Het doel van de richtlijn kostenreductie breedband is om de aanlegkosten van breedbandnetwerken te verlagen, met het oog op de breedbanddoelen van de Europese Commissie voor 2020. Deze doelen zijn dat in 2020 de helft van de EU-huishoudens internet met snelheden van minimaal 100 Mbps gebruikt en 100 procent toegang heeft tot internet van minimaal 30 Mbps. Voor een groot deel heeft Nederland deze doelstelling al gehaald. 97 procent van de burgers en 91 procent van de bedrijven is aangesloten op een breedbandnetwerk.
Om de breedbanddoelen te bereiken maakt de richtlijn het mogelijk dat telecomaanbieders gebruik kunnen maken van de infrastructuur van andere netwerken. Dit betekent dat telecomaanbieders – onder redelijke voorwaarden – toegang krijgen tot de fysieke infrastructuur (zoals buizen, masten, kabelgoten, straatkasten, antenne-opstelpunten) van bijna alle nutsbedrijven die infrastructuur aanbieden (telecom, elektriciteit, gas, verwarming, afval- en rioolwater en beheerders van spoorwegen, wegen, havens en luchthavens). Om dit mogelijk te maken moet door de netwerkbeheerders informatie worden verstrekt op grond waarvan de aanbieder inzicht kan krijgen in de locatie en aard van andere netwerken, om zo te kunnen beoordelen of medegebruik zinvol is.
Oorzaak vertraging
De oorzaak van de vertraging van de implementatie van de richtlijn ligt vooral in het vraagstuk rondom ongebruikte telecominfrastructuur. De huidige wetgeving verplicht aanbieders ertoe dat kabels en voorzieningen (zoals mantelbuizen) die 10 jaar niet worden gebruikt, op verzoek van de grondeigenaar (die moet gedogen dat kabels worden aangelegd op zijn grond) moeten worden opgeruimd. Als de gemeente eigenaar is van de grond heeft zij de mogelijkheid om de aanbieder te verplichten tot betaling van precariobelasting. Het gaat hier om infrastructuur die voor een deel potentieel geschikt is en gebruikt kan worden door de telecomaanbieders voor de aanleg van breedbandnetwerken.
Kamp stelt het belangrijk te vinden om in het wetsvoorstel duidelijk te regelen wat er moet gebeuren met ongebruikte telecominfrastructuur die nog in de ondergrond zit. Daarvoor is het nodig inzicht te krijgen welke telecominfrastructuur die langer dan 10 jaar niet wordt gebruikt, nog geschikt en noodzakelijk is voor de uitrol van breedband. Dit wordt momenteel door een onafhankelijk bureau in kaart gebracht. Bij het onderzoek zijn alle belanghebbende partijen betrokken, waaronder grondeigenaren (zoals gemeenten en Rijkswaterstaat) en telecomaanbieders.

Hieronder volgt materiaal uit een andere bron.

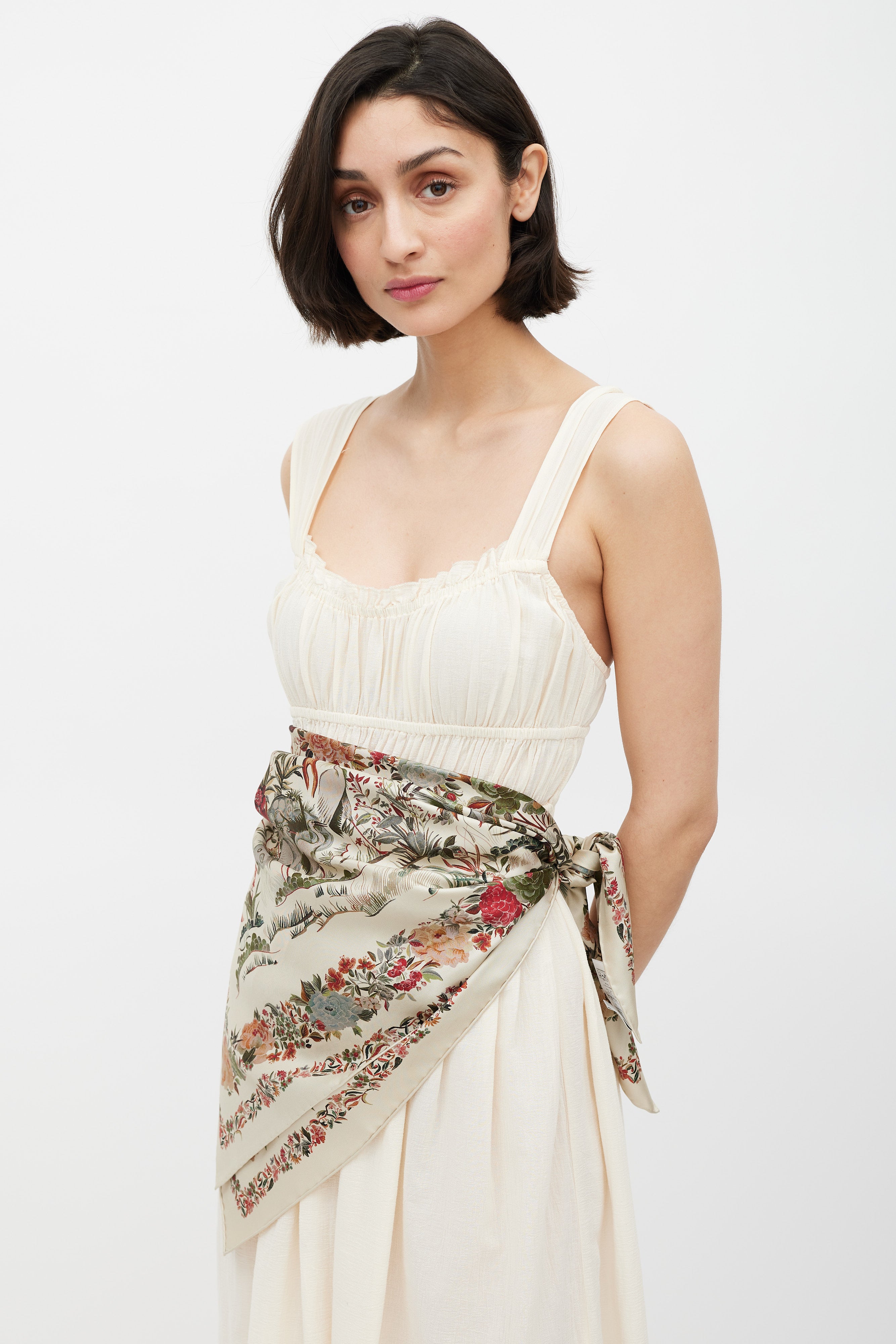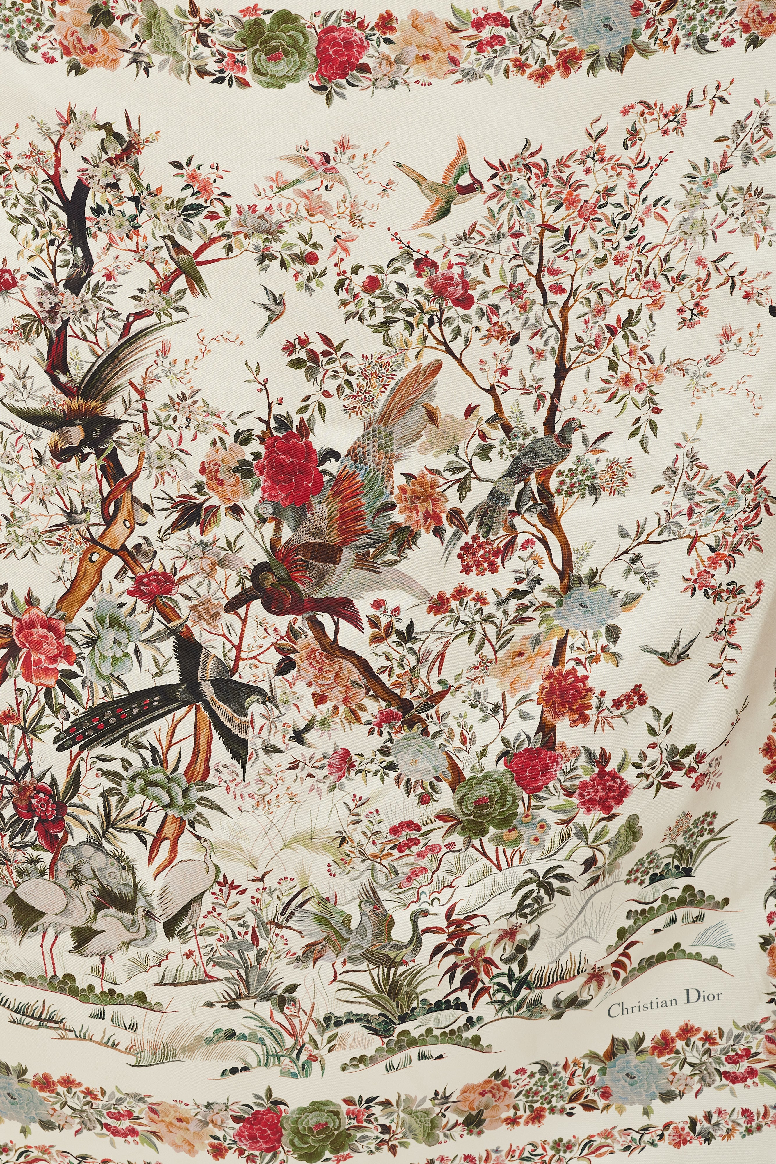 Pre-owned Christian Dior beige scarf featuring a multicolour floral and bird print throughout, logo printed at bottom right corner, and hand rolled trim edges. Comes with original box.
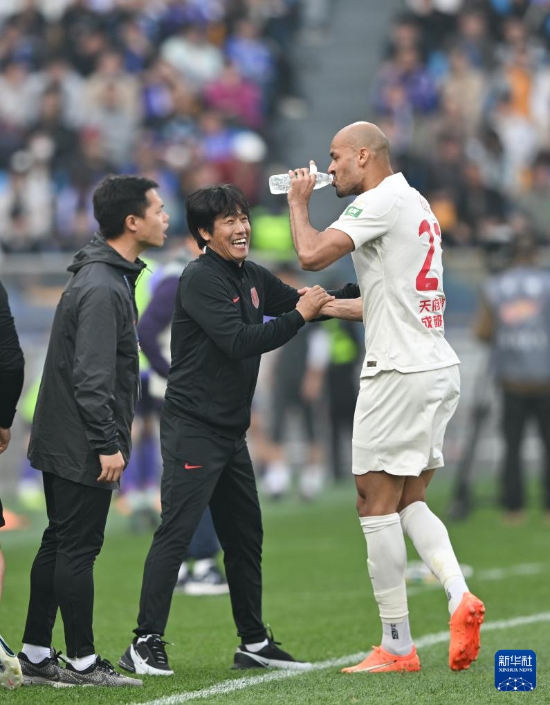 4月6日,成都蓉城隊主教練徐正源(右二)慶祝球員費利佩(右一)在比賽中梅開二度。新華社記者 孫凡越 攝

De uitkomsten van het onderzoek zullen volgens Kamp medio december beschikbaar zijn. Aan de hand van de uitkomsten zal Kamp samen met met minister Melanie Schultz van Haegen van Infrastructuur en Milieu bekijken hoe men verder gaan met de gedoog- en opruimplicht voor ongebruikte telecomkabels. Kamp verwacht het wetsvoorstel begin 2017 voor advies bij de Raad van State te kunnen indienen.